-- Entries provided follows --

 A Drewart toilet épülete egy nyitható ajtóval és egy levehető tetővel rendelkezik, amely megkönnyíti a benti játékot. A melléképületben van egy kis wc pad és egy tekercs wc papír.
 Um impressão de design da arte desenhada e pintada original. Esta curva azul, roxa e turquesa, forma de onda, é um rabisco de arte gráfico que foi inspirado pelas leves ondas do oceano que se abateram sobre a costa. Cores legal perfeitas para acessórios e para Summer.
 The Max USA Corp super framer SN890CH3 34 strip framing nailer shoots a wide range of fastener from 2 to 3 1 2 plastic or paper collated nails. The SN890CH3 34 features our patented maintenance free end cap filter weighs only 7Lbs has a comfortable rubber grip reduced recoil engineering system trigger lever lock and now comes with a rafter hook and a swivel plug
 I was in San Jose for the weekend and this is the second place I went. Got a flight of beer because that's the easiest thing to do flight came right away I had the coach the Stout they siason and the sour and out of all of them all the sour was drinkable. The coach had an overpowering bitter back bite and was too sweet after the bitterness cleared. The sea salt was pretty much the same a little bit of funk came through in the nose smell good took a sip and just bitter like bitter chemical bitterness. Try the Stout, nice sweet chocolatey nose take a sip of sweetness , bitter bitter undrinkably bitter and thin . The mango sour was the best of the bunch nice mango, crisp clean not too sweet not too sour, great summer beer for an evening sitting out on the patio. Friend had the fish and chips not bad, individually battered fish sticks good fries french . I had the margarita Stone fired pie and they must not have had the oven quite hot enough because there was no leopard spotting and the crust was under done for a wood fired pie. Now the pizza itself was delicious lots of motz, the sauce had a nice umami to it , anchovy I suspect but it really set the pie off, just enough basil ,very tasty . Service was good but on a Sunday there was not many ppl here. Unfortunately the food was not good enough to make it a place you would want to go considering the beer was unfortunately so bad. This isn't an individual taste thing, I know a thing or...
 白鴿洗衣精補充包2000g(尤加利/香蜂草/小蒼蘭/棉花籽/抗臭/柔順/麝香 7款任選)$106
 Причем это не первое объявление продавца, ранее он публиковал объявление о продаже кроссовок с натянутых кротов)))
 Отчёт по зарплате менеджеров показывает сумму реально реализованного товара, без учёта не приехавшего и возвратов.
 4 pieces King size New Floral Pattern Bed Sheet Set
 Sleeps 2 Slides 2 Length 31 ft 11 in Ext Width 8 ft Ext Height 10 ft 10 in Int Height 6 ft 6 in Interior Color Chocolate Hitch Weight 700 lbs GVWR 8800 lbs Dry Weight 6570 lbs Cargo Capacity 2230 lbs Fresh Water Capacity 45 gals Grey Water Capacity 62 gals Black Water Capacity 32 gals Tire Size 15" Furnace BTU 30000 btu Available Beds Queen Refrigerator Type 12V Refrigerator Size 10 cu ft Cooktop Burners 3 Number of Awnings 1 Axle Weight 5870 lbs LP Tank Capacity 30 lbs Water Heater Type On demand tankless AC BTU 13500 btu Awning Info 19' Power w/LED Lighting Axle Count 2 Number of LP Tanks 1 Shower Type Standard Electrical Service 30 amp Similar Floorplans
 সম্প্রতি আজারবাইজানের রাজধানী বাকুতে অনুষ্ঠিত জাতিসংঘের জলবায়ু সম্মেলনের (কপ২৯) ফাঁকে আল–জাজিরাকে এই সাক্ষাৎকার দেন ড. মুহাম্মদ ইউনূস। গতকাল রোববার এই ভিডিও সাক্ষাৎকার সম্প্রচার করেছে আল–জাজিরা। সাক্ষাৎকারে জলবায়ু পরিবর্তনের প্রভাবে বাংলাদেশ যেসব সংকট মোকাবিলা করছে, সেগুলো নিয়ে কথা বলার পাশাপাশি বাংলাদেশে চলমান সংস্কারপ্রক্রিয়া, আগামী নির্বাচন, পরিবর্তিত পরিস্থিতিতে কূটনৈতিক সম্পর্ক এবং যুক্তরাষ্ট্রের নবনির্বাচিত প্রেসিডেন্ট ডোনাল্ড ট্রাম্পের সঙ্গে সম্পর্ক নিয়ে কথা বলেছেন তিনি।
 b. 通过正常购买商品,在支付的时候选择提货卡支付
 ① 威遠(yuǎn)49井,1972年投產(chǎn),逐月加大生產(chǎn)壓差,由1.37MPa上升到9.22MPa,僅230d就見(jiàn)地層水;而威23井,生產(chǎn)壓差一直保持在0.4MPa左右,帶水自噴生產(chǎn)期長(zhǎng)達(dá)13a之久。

-- Entries provided concluded --

Retype each entry without altering a single word.

Task result
 A Drewart toilet épülete egy nyitható ajtóval és egy levehető tetővel rendelkezik, amely megkönnyíti a benti játékot. A melléképületben van egy kis wc pad és egy tekercs wc papír.
 Um impressão de design da arte desenhada e pintada original. Esta curva azul, roxa e turquesa, forma de onda, é um rabisco de arte gráfico que foi inspirado pelas leves ondas do oceano que se abateram sobre a costa. Cores legal perfeitas para acessórios e para Summer.
 The Max USA Corp super framer SN890CH3 34 strip framing nailer shoots a wide range of fastener from 2 to 3 1 2 plastic or paper collated nails. The SN890CH3 34 features our patented maintenance free end cap filter weighs only 7Lbs has a comfortable rubber grip reduced recoil engineering system trigger lever lock and now comes with a rafter hook and a swivel plug
 I was in San Jose for the weekend and this is the second place I went. Got a flight of beer because that's the easiest thing to do flight came right away I had the coach the Stout they siason and the sour and out of all of them all the sour was drinkable. The coach had an overpowering bitter back bite and was too sweet after the bitterness cleared. The sea salt was pretty much the same a little bit of funk came through in the nose smell good took a sip and just bitter like bitter chemical bitterness. Try the Stout, nice sweet chocolatey nose take a sip of sweetness , bitter bitter undrinkably bitter and thin . The mango sour was the best of the bunch nice mango, crisp clean not too sweet not too sour, great summer beer for an evening sitting out on the patio. Friend had the fish and chips not bad, individually battered fish sticks good fries french . I had the margarita Stone fired pie and they must not have had the oven quite hot enough because there was no leopard spotting and the crust was under done for a wood fired pie. Now the pizza itself was delicious lots of motz, the sauce had a nice umami to it , anchovy I suspect but it really set the pie off, just enough basil ,very tasty . Service was good but on a Sunday there was not many ppl here. Unfortunately the food was not good enough to make it a place you would want to go considering the beer was unfortunately so bad. This isn't an individual taste thing, I know a thing or...
 白鴿洗衣精補充包2000g(尤加利/香蜂草/小蒼蘭/棉花籽/抗臭/柔順/麝香 7款任選)$106
 Причем это не первое объявление продавца, ранее он публиковал объявление о продаже кроссовок с натянутых кротов)))
 Отчёт по зарплате менеджеров показывает сумму реально реализованного товара, без учёта не приехавшего и возвратов.
 4 pieces King size New Floral Pattern Bed Sheet Set
 Sleeps 2 Slides 2 Length 31 ft 11 in Ext Width 8 ft Ext Height 10 ft 10 in Int Height 6 ft 6 in Interior Color Chocolate Hitch Weight 700 lbs GVWR 8800 lbs Dry Weight 6570 lbs Cargo Capacity 2230 lbs Fresh Water Capacity 45 gals Grey Water Capacity 62 gals Black Water Capacity 32 gals Tire Size 15" Furnace BTU 30000 btu Available Beds Queen Refrigerator Type 12V Refrigerator Size 10 cu ft Cooktop Burners 3 Number of Awnings 1 Axle Weight 5870 lbs LP Tank Capacity 30 lbs Water Heater Type On demand tankless AC BTU 13500 btu Awning Info 19' Power w/LED Lighting Axle Count 2 Number of LP Tanks 1 Shower Type Standard Electrical Service 30 amp Similar Floorplans
 সম্প্রতি আজারবাইজানের রাজধানী বাকুতে অনুষ্ঠিত জাতিসংঘের জলবায়ু সম্মেলনের (কপ২৯) ফাঁকে আল–জাজিরাকে এই সাক্ষাৎকার দেন ড. মুহাম্মদ ইউনূস। গতকাল রোববার এই ভিডিও সাক্ষাৎকার সম্প্রচার করেছে আল–জাজিরা। সাক্ষাৎকারে জলবায়ু পরিবর্তনের প্রভাবে বাংলাদেশ যেসব সংকট মোকাবিলা করছে, সেগুলো নিয়ে কথা বলার পাশাপাশি বাংলাদেশে চলমান সংস্কারপ্রক্রিয়া, আগামী নির্বাচন, পরিবর্তিত পরিস্থিতিতে কূটনৈতিক সম্পর্ক এবং যুক্তরাষ্ট্রের নবনির্বাচিত প্রেসিডেন্ট ডোনাল্ড ট্রাম্পের সঙ্গে সম্পর্ক নিয়ে কথা বলেছেন তিনি।
 b. 通过正常购买商品,在支付的时候选择提货卡支付
 ① 威遠(yuǎn)49井,1972年投產(chǎn),逐月加大生產(chǎn)壓差,由1.37MPa上升到9.22MPa,僅230d就見(jiàn)地層水;而威23井,生產(chǎn)壓差一直保持在0.4MPa左右,帶水自噴生產(chǎn)期長(zhǎng)達(dá)13a之久。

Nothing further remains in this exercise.